You are correct. However, the end game is not to restrict supply. No developer has ever found a way to do that, because (a) it is a game of whack-a-mole and (b) the money is enough of an incentive for the pros to keep moving to new holes.
The end game is to collapse demand. The way to do that is to cancel some rentals---at the last minute and very publicly. It has worked for other developers. It will work for Disney if they choose to do it. And based on the langauge they are using, it sure seems like they are lining up the ducks to do so.
It's worse than that (or better, depending on your point of view): If a handful of very vocal guests complain about last-minute
DVC rental cancellations, that will
taint the entire market. All a prospective renter knows is that the could show up after a long day of travel to find that they don't have a room. That translates very quickly into constant reminders in the Disney online ecosystem that "
DVC rentals are risky."
It does not take very much of that before the demand for
DVC rentals drops precipitously. If you think this won't happen, go take a look at the
we loooooove Club Wyndham Bonnet Creek thread on the Orlando Resorts board. It's long, and you might have to hunt around for the right point in the thread where it turned, but it is definitely in there. At the beginning of that thread, in the mid 2010s, it was the absolute darling of the offsite folks. Now? "It's too dangerous, don't risk it." In the meantime, a few of the very high-profile Bonnet Creek renters finally went out of business.

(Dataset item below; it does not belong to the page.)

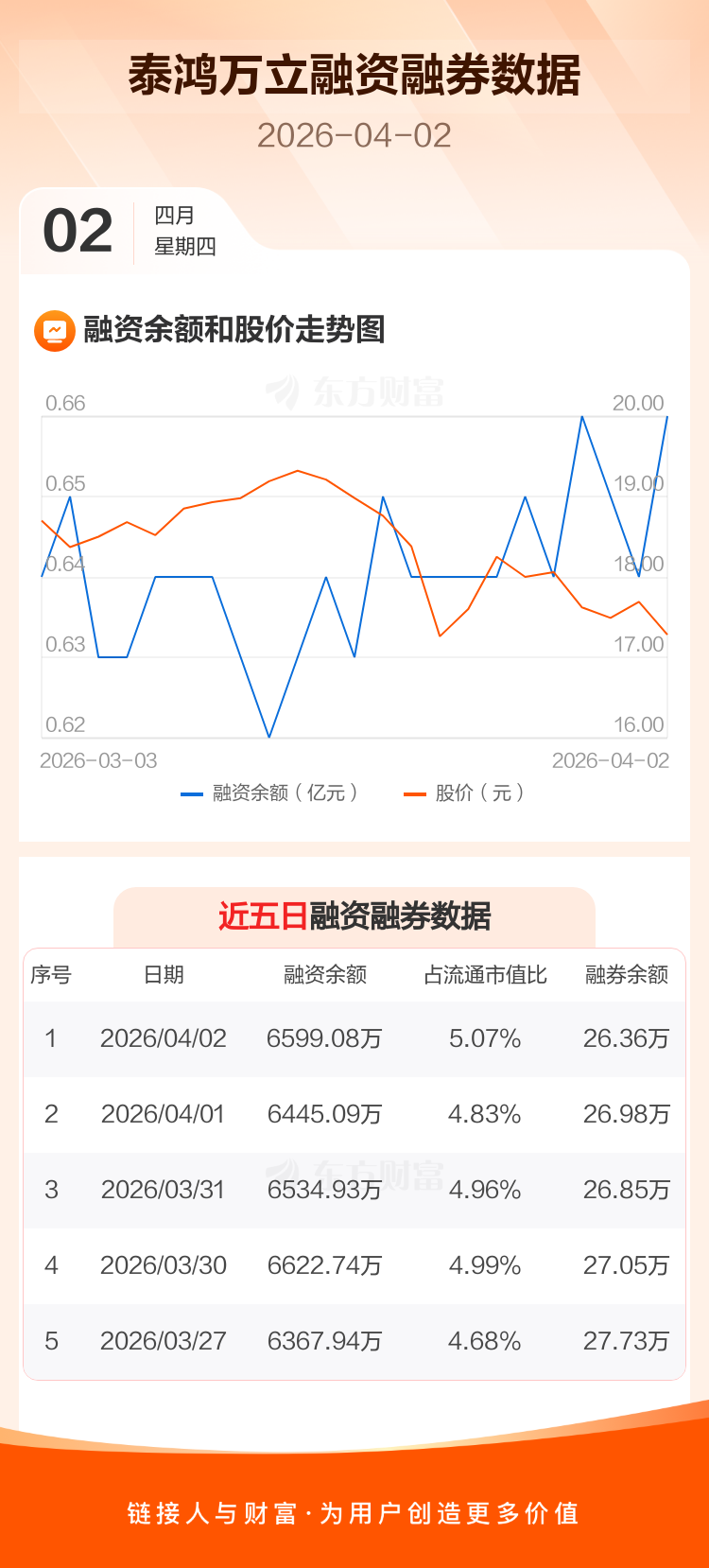 交易所最新数据显示,泰鸿万立于2026年4月2日获融资买入301.16万元,融资偿还147.17万元,当日融资净买入153.99万元。目前,该股融资余额6599.08万,占流通市值比例为5.07%。

Wyndham tried many (many!) things to restrict supply, and had been doing so since I became an owner more than 20 years ago. Limiting (and eventually eliminating) point transfers, instituting very strict guest certificate rules and fees, eliminating developer perks on resale bookings.
None of them worked. Cancelling some reservations at the last minute worked. That combined with the targeted freezing of some very high profile renter accounts pushed a lot of landlords out of the public rental market. It is hard to fight a big corporation when you have a montly maintenance fee nut to make and suddenly cannot make any new reservations or put any guests names on existing ones.